March 30, 2023

By Courtney Wise

Good morning, MindSite News readers! In this edition, we look at the possible damage a bossy BFF can do to your children’s mental health. Teens weigh in on the value of mental health days at school. And find out why Daniel Tiger’s inimitable lessons are good for preschoolers and teens alike.

We also grieve another mass shooting, this one at an elementary school in Nashville, Tennessee, and will spend a future issue looking at how other countries have all but eliminated such tragedies. Plus: What colleges are trying to do to stop the spread of college athletes dying by suicide.

Finally, we invite you to a youth mental health conversation with Lady Gaga’s Born This Way Foundation, which will take place tomorrow at 10 am PT. Register below to save your place!


Join MindSite News tomorrow at 10 am PT for an important live discussion on youth with youth advisory board members from Lady Gaga’s Born This Way Foundation and a Q&A led by BeMe Health. Gain valuable insight from young leaders about the mental health problems youth are grappling with and learn more about the Born This Way Foundation, including its work to support youth mental health and to build a kind and braver world.

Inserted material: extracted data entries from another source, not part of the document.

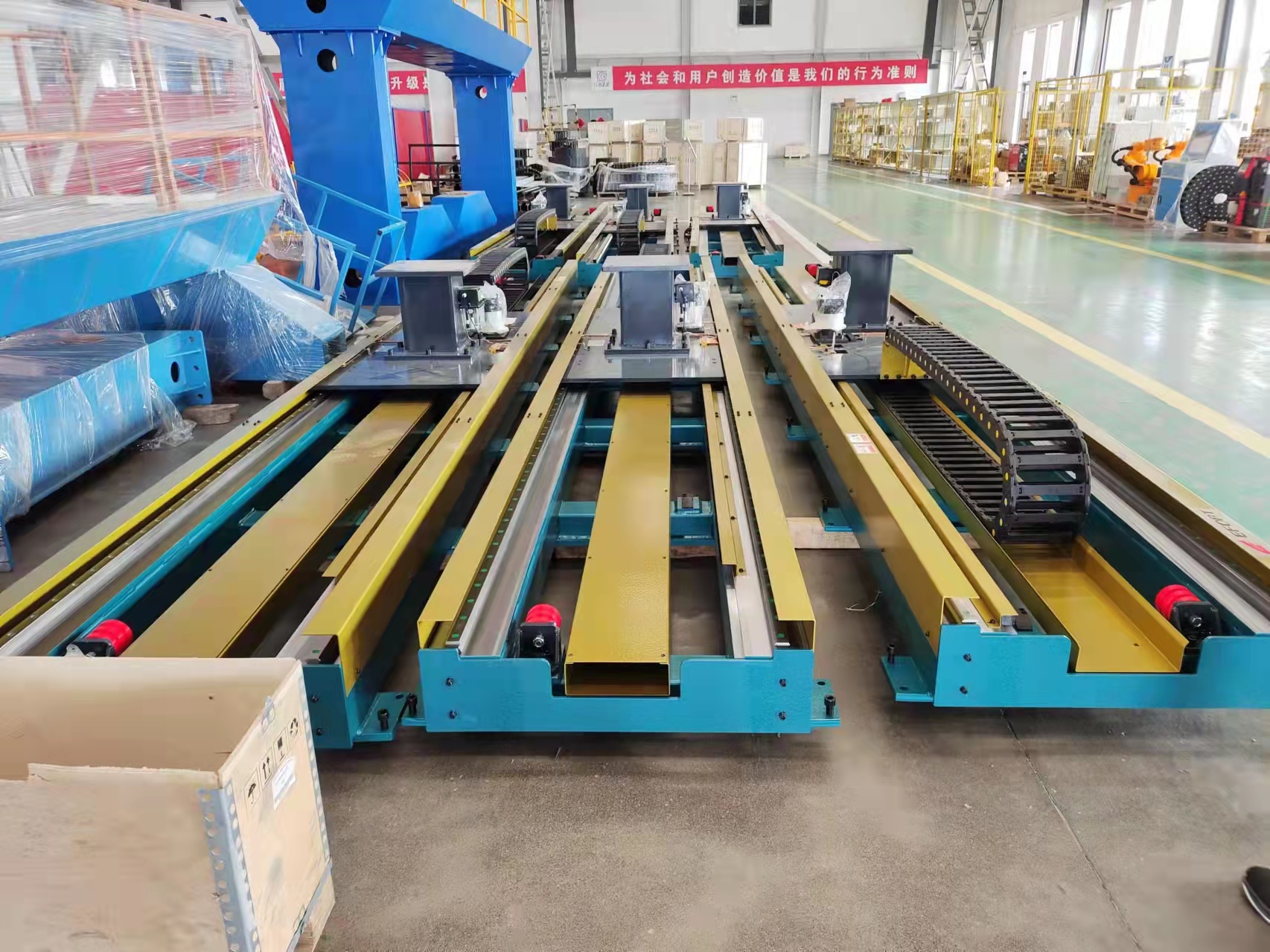 機器人行走軌道又名機器人第七軸、機器人行走軸、機器人地軌、機器人導軌、機器人軌道等等,可以按實際使用長度進行定制,用于大型設備的焊接、搬運、噴涂等工作中。
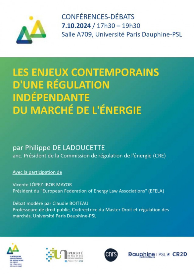 Organisé par l'AFDEN, Association Française de Droit de l’Energie, le CR2D, Université Paris-Dauphine, en partenariat avec le Master Droit et régulation des marchés (291) et l'UMR TREE, Université de Pau et des Pays de l’Adour / CNRS
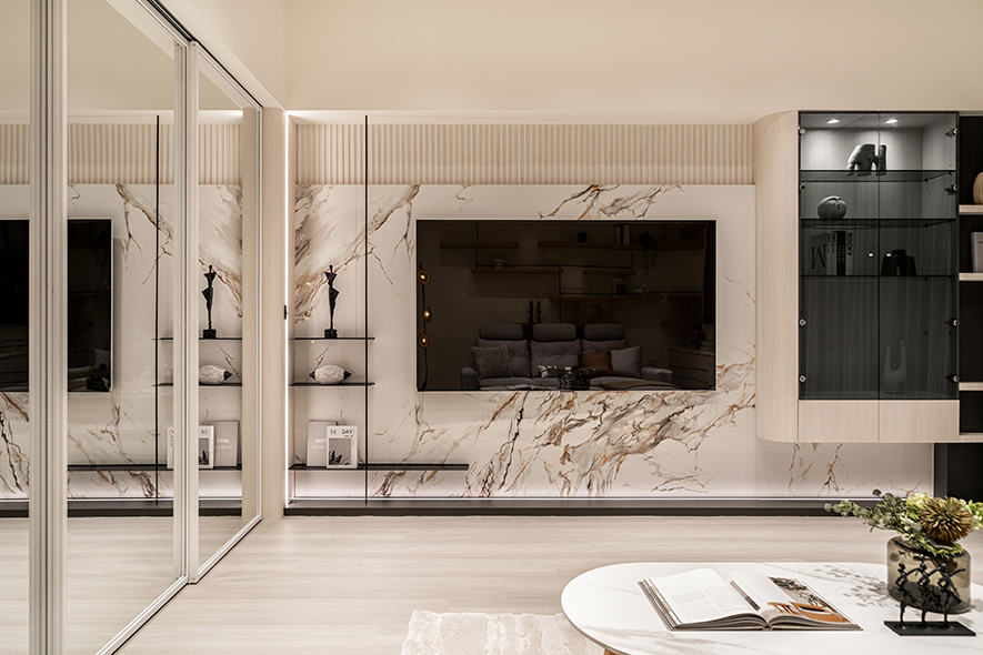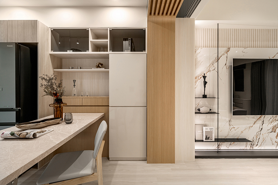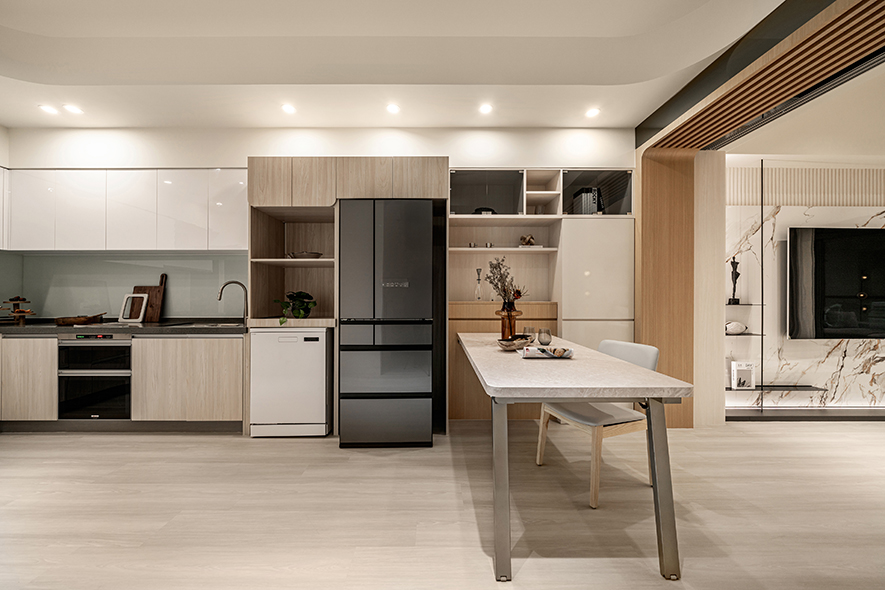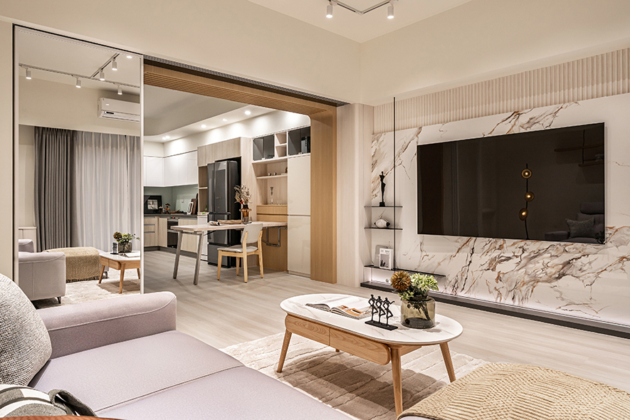 餐廚空間則透過折疊式餐桌與全鏡面拉門設計,不僅提升使用彈性,也放大視覺空間感,使生活更富層次。
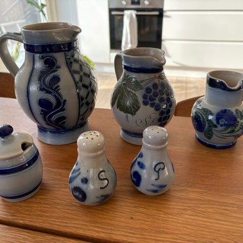 Keramik sæt bestående af to kander, en skål og en beholder med hank. Delene er i cremefarvet glasur med dekorerede mønstre og blomster i mørke og varme nuancer. Sættet kan anvendes i køkkenet eller som dekoration, eksempelvis til servering, opbevaring eller som pyntegenstande på bord eller hylde.
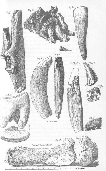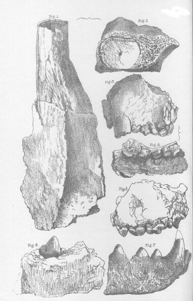 No entire skeleton has been discovered, and very rarely were any two bones of the same animal found together. On the contrary even the corresponding fragments of a bone were frequently detected some yards apart (as for instance those in Figures 2 and 1 Plate 49).
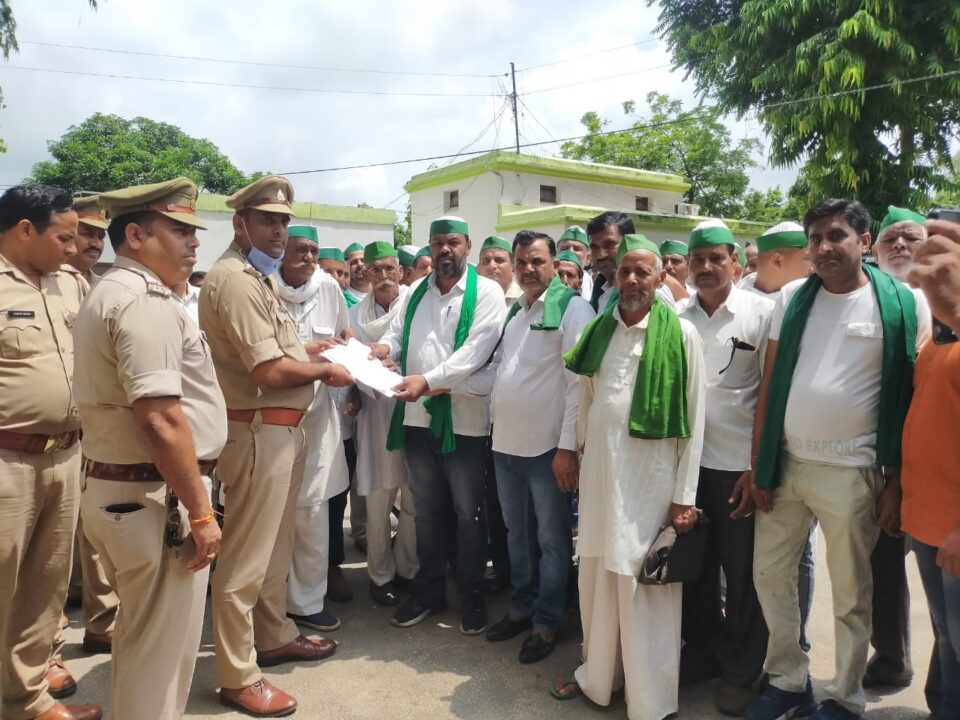स्योहारा : हरियाणा सरकार द्वारा किसानों पर कृत्य लाठीचार्ज को लेकर किसानों में आक्रोश ब्लॉक अध्यक्ष गजेंद्र सिंह टिकैत के नेतृत्व में भाकियू कार्यकर्ता सहकारी समिति में इकट्ठा होकर नारेबाजी करते हुए थाने पहुंचकर महामहिम राष्ट्रपति के नाम ज्ञापन थाना अध्यक्ष को सौंपा किसान नेता गजेंद्र सिंह टिकैत ने कहा दिल्ली बॉर्डर पर देश का किसान 9 महीने से शांतिपूर्ण ढंग से कृषि कानूनों के खिलाफ आंदोलन कर रहे हैं लेकिन हरियाणा सरकार बार-बार किसानों को उकसाने के लिए असंवैधानिक तरीके से लाठीचार्ज कराया जा रहा है जिसमें अधिकारियों द्वारा किसानों को तालिबानी भाषा में किसानों के सिर फोड़ने की बात कह रहे हैं लाठीचार्ज में बड़ी संख्या में किसान घायल हुए एक किसान की मौत हो गई यह घटना मानवता को तार-तार करते हुए देश के लोकतंत्र को खत्म करने के उद्देश्य से हरियाणा सरकार कदम उठा रही है ।

A bossy BFF may be bad for teens’ mental health 

Lunamarina/Shutterstock

Being strong willed is one thing; being domineering is another. The difference is marked by a person who is self assured, while the other calls the shots for themselves—and everyone around them. Teens with a domineering best friend are at greater risk for mental health challenges, according to a MindSite News piece republished from The Conversation.

The trouble is a lack of equity in the relationship. Teens with bossy or domineering BFFs may feel powerless in the friendship, sparking feelings of distress, depression, anxiety and low self-esteem. Experts say that If you find that your teen is struggling with an imbalanced friendship, teaching them communication skills to assert their wants and needs can help. Read the full story here.


Teens weigh in on the value of taking “mental health days” from school

Experts say granting students mental health days off won’t solve the youth mental health crisis, but assert that such mental breaks are still worth it. “It’ll be a ripple effect,” said Nikki Poindexter Ham, president of the Maryland School Counselor Association, in a Youthcast exclusive for MindSite News. “If you don’t allow students to take the time off to deal with their mental health, there will be a decrease in organizational skills, self regulation skills.” Moreover, teens say there are just days when they really need the time off to relax and heal. 

Since 2019, 12 states have passed legislation to allow students to take excused days off from school for their mental health. A few, such as New York and Maryland, have bills pending. Reporters for Youthcast Media Group interviewed their peers and professionals for their views on the idea.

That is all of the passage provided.